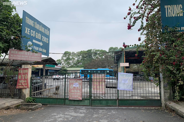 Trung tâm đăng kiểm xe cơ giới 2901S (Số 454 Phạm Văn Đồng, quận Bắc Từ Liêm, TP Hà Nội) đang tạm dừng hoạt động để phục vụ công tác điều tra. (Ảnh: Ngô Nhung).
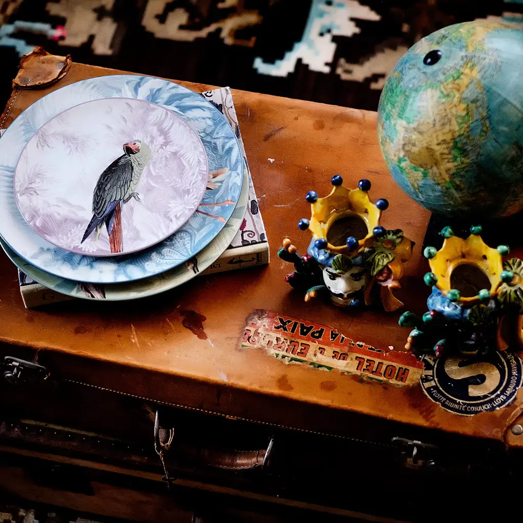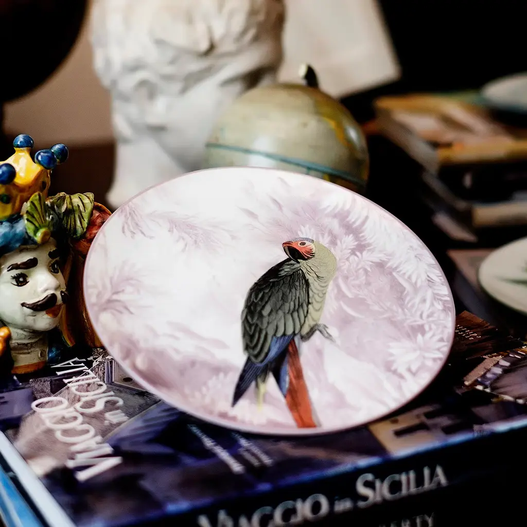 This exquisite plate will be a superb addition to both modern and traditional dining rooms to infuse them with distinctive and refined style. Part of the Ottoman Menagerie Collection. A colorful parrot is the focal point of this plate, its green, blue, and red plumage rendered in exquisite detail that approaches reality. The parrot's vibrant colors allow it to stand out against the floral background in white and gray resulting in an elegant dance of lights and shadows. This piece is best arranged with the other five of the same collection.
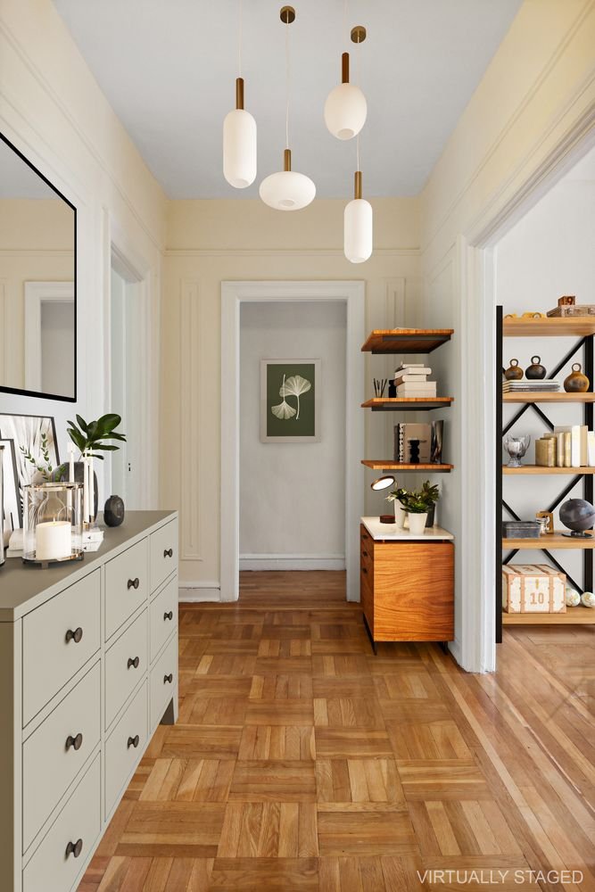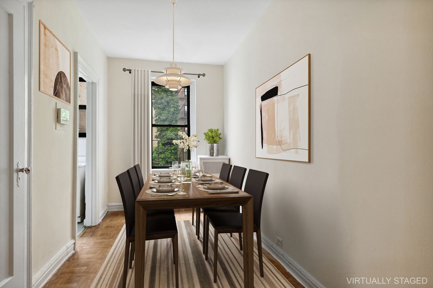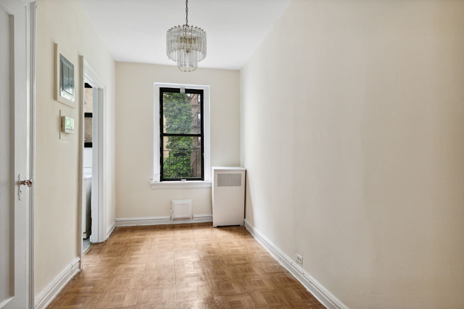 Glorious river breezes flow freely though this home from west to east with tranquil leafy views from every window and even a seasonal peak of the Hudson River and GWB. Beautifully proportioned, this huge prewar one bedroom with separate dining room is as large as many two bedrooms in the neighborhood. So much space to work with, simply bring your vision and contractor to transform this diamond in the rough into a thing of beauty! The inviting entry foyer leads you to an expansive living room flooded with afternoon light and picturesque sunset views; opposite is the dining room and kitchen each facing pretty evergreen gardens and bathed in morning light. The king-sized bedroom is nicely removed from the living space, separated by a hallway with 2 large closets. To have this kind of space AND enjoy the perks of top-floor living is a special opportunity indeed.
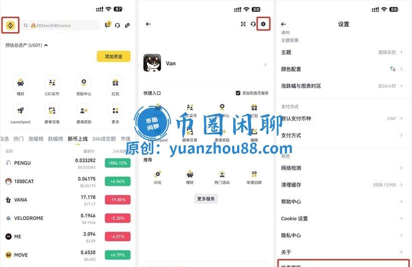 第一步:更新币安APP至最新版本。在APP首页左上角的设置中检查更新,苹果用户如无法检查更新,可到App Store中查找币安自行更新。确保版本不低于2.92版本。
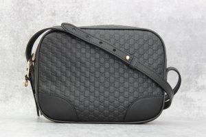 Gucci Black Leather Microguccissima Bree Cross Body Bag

▶ **WORK TO BE COMPLETED**
Output exactly the lines from the one containing "Glorious river breezes" through the last line of the records above, both included, leaving out any pictures.

▶ **SOLUTION TO THE EXERCISE**
 Glorious river breezes flow freely though this home from west to east with tranquil leafy views from every window and even a seasonal peak of the Hudson River and GWB. Beautifully proportioned, this huge prewar one bedroom with separate dining room is as large as many two bedrooms in the neighborhood. So much space to work with, simply bring your vision and contractor to transform this diamond in the rough into a thing of beauty! The inviting entry foyer leads you to an expansive living room flooded with afternoon light and picturesque sunset views; opposite is the dining room and kitchen each facing pretty evergreen gardens and bathed in morning light. The king-sized bedroom is nicely removed from the living space, separated by a hallway with 2 large closets. To have this kind of space AND enjoy the perks of top-floor living is a special opportunity indeed.
 第一步:更新币安APP至最新版本。在APP首页左上角的设置中检查更新,苹果用户如无法检查更新,可到App Store中查找币安自行更新。确保版本不低于2.92版本。
 Gucci Black Leather Microguccissima Bree Cross Body Bag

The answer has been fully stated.